From Benzonitrile to Dicyanobenzenes: The Effect of an Additional CN Group on the Thermochemistry and Negative Ion Photoelectron Spectra of Dicyanobenzene Radical Anions.

The negative ion photoelectron spectra of 1,2-dicyanobenzene ( o -DCNB), 1,3-dicyanobenzene ( m -DCNB), and 1,4-dicyanobenzene ( p -DCNB) radical anions (DCNB· - ), acquired through the computation of Frack-Condon (FC) factors, are presented. The FC calculations utilize harmonic frequencies and normal mode vectors derived from density functional theory at the B3LYP/aug-cc-pVQZ basis set. All the totally symmetric vibrational modes are treated with Duschinsky rotations to yield neutral DCNBs in their singlet (S o ) and lowest triplet (T 1 ) states, following an electron removal from the doublet anionic ground state. For the S o state, the adiabatic electron affinities (EAs) for o- , m- , and p- DCNB are 1.179, 1.103, and 1.348 eV. The EAs for the lowest T 1 state in o- , m- , and p- DCNB are 4.151, 4.185, and 4.208 eV, resulting in an S o -T 1 energy difference (Δ E ST ) of 2.973, 3.082, and 2.860 eV. A vibrational analysis reveals evidence of FC activity involving ring distortion, C-N bending, and ring C═C stretching vibrational progressions in both the S o and T 1 states.
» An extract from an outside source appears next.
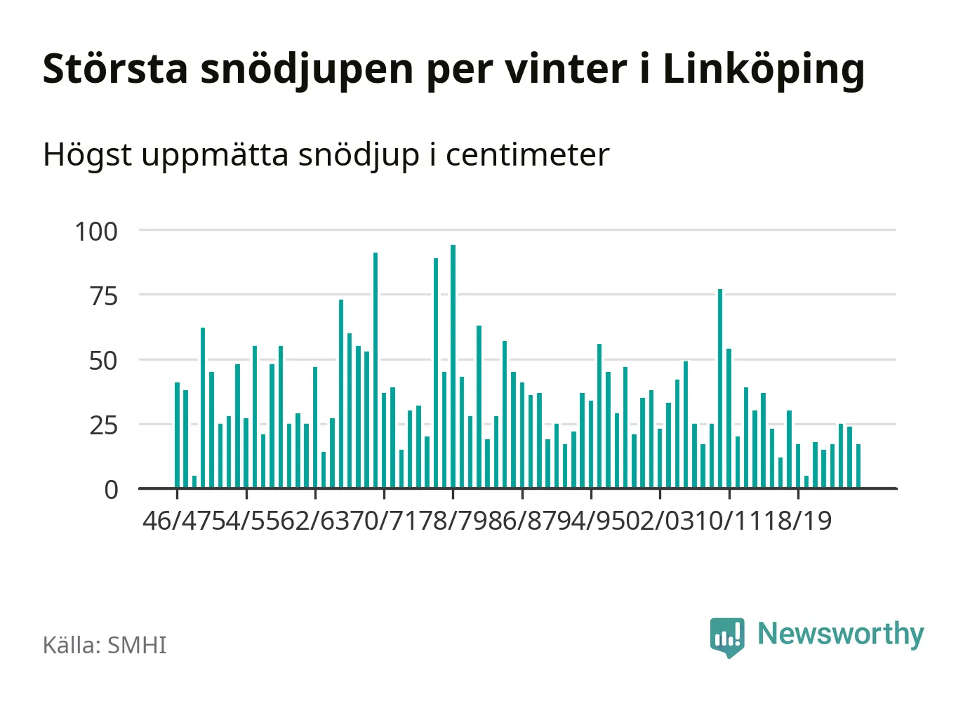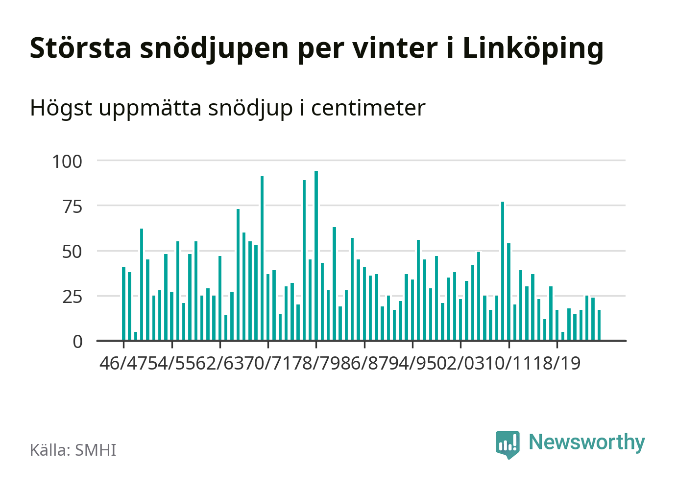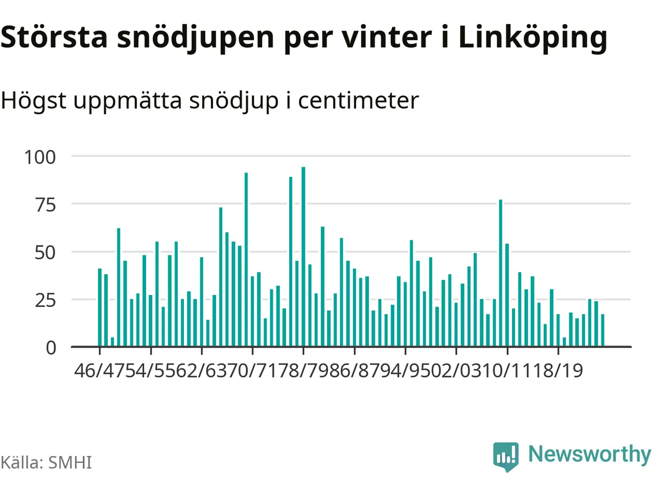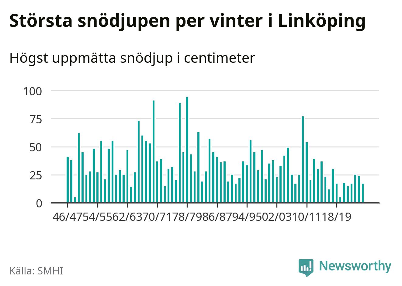 Men hur står sig det snödjupet historiskt sett? Newsworthy har tittat på det största snödjup som SMHI har uppmätt i Linköpings kommun varje år sedan vintern 1946/47 – och hittills tar sig årets vinter inte in bland de 25 vintrarna med störst uppmätt snödjup i kommunen.
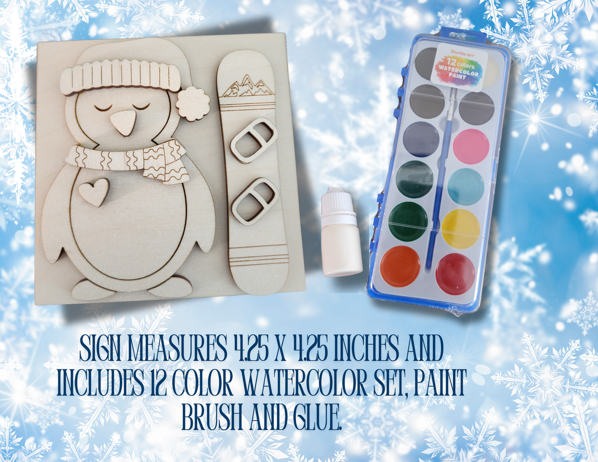 Discover endless crafting possibilities with our Skiing Penguin DIY Paint Kit, perfect for all ages and skill levels. The included Baltic Birch blank design is a perfect canvas for your imagination, whether you’re painting, gluing, or adding unique embellishments. The completed design measures approximately 4.25 x 4.25 inches.

With the detection of cyanonaphthalene (C 10 H 7 CN) and cyanoindene (C 9 H 7 CN) in the interstellar medium (ISM), our results highlight the extent to which replacing a single hydrogen on an aromatic molecule with a cyano group, C≡N, can alter the vibrational structure of the molecule/radical anion. As such, dicyano-polyaromatic hydrocarbons may be reasonably robust in the ISM, making it appealing to search for them in future interstellar detection missions.